Sunday, June 24, 2007

Sweet dreams

And so it happened. One of the infinite tragedies of life.

It's with great sadness to have to tell my dear and lovely grandmother has passed away last evening in the grand age of 94.

She was literally at the end of the line, and died gracefully, with a smile, and without any fear.

The last 6 months have been very tough as I have written about here before, as she simply 'faded' more and more quickly. The last 1,5 weeks hardly anything was left of her, but I know for sure her last days have been some very happy ones.
She had the closest family around: children, grandchildren and great-grandchildren. She passed away peacefully and with a smile, and the last words I have heard her say were:
"I just feel so happy".

Those words, and that is how I will remember her... always friendly, dignified and with a smile of love for her close ones.
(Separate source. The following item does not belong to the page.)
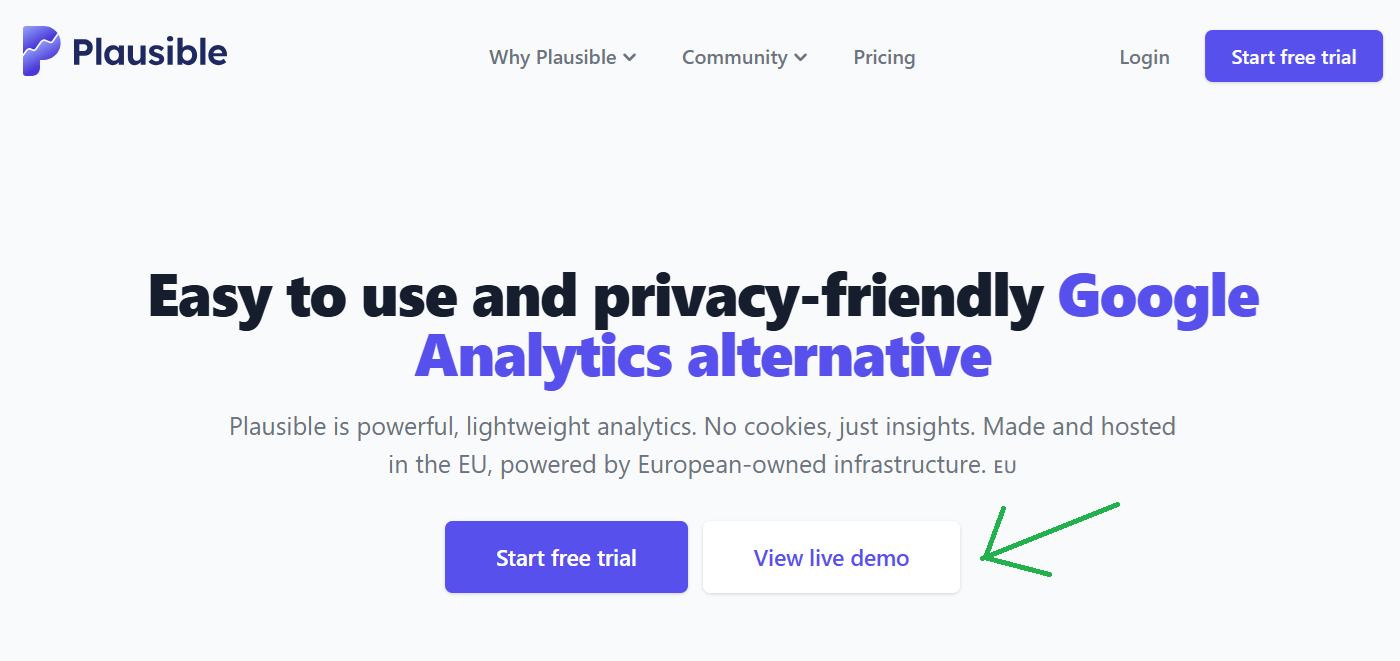 When visiting Plausibleâs homepage, youâll notice a âView live demoâ call-to-action.
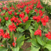 Le Canna nain Flamenco est une création Ernest Turc de 60 cm de haut à l’allure tropicale, qui produit une végétation dense. Ses larges feuilles laissent apparaitre des bouquets de fleurs rouge orangé dès le mois de juillet et jusqu’aux premières gelées. Avec sa végétation compacte, ce canna nain sera idéal en massif varié où il apportera une note vibrante et graphique. Il conviendra également parfaitement à une plantation en grand pot pour fleurir vos balcons et terrasses. Si vous souhaitez créer des massifs originaux vous pouvez l’associer à l’alstroemère ‘Jupiter’ et au dahlia ‘Tequila Sunrise’. Originaire des Antilles, le canna, dont le nom d’origine est « Balisier », a été introduit en Europe au XVIe siècle. Depuis, de nombreuses améliorations ont été apportées aux cannas qui se différencient par la couleur de leurs feuilles et par leur hauteur.

(August 1949, with Vivi (my mother) and the eldest: Kjeld)

And, whether a coincidence or not, she passed away on the day that would have been her 67th wedding anniversary.
For all that it's worth -I am neither religious or really spiritual (I hate all that flaky & fake new-age-crap) - but I am actually sure she has re-found her place on the side of her beloved husband.
She knew that wedding day was approaching, since we told her and everything just 'fitted' perfectly.
We had been there all day yesterday, caring for her, and yet she waited, dignified as she is, with closing her eyes for the last time, until after we had gone.

...On the table lay a newspaper my uncle had brought, folded by coincidence (??) so only 2 words from the frontpage were visible: "Sand kærlighed" (true love). And that is what she had and showed for sure...

(2 parents, beaming with pride and happiness, at my parents' wedding, in august 1967)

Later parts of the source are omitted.